The government has said it would begin arresting undocumented Afghans and taking them to new holding centres from Wednesday, from where they will be processed and forcibly returned to Afghanistan.
The Taliban government in Kabul says the policy amounts to "harassment".
"Thousands of Afghan refugees are waiting for their turn in vehicles, lorries, and trucks, and the number continues to grow," Irshad Mohmand, a senior government official at the Torkham border told AFP.
"More than 10,000 refugees have gathered since morning."
More than 100,000 Afghan migrants have fled Pakistan since the start of October when the government announced that 1.7 million Afghans it says are living illegally in Pakistan have a one-month deadline to leave.
"To avoid any humiliation by the Pakistani authorities I have decided to leave," Zulfiqar Khan, who was born to refugee parents in a sprawling Peshawar aid camp, told AFP last week.
More than 80 percent have left via the northern Torkham border in Khyber Pakhtunkhwa province, where the majority of Afghan migrants live.

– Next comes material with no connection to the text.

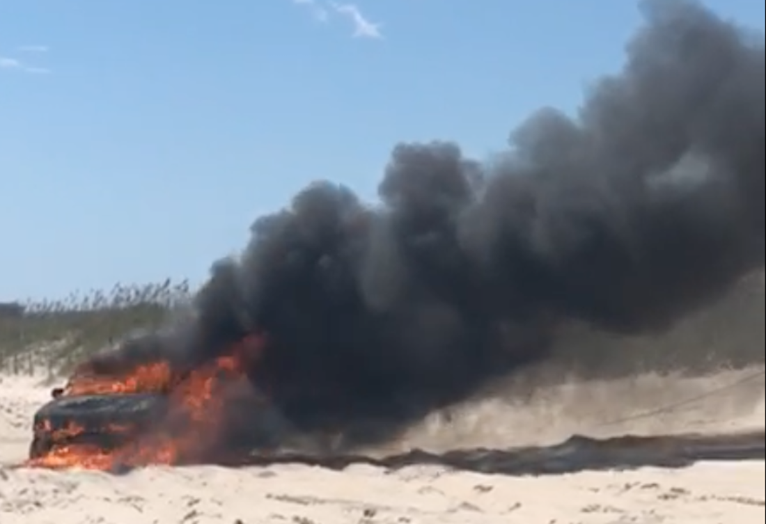 About 30 minutes prior to the announcement, crowds on the beach witnessed a truck on fire after getting stuck in the sand while attempting to drive onto the north end. One bystander, David Rishel, recorded an 8-minute video of the incident and streamed it via Facebook Live.

Police in the province said they have not yet begun arrests as families leave voluntarily, but Afghan refugees in Karachi and Islamabad have reported arrests, harassment and extortion.
- 'Significant risk' -
Lawyers and activists have said the scale of the crackdown is unprecedented, appealing for more time for Afghans -- some of whom have lived for decades in the country -- to be given more time to pack up with dignity.
"The Pakistani government is using threats, abuse, and detention to coerce Afghan asylum seekers without legal status to return to Afghanistan or face deportation," Human Rights Watch said on Tuesday.
"The situation in Afghanistan remains dangerous for many who fled, and deportation will expose them to significant security risks, including threats to their lives and well-being."
Millions of Afghans have crossed the border during decades of conflict, making Pakistan the host of one of the world's largest refugee populations.
Hundreds of thousands of Afghans are estimated to have fled to Pakistan since the Taliban government took control in August 2021.
Pakistan has said the deportations are to protect the "welfare and security" of the country, where anti-Afghan sentiment has been growing amid prolonged economic hardship and a rise in cross-border militancy.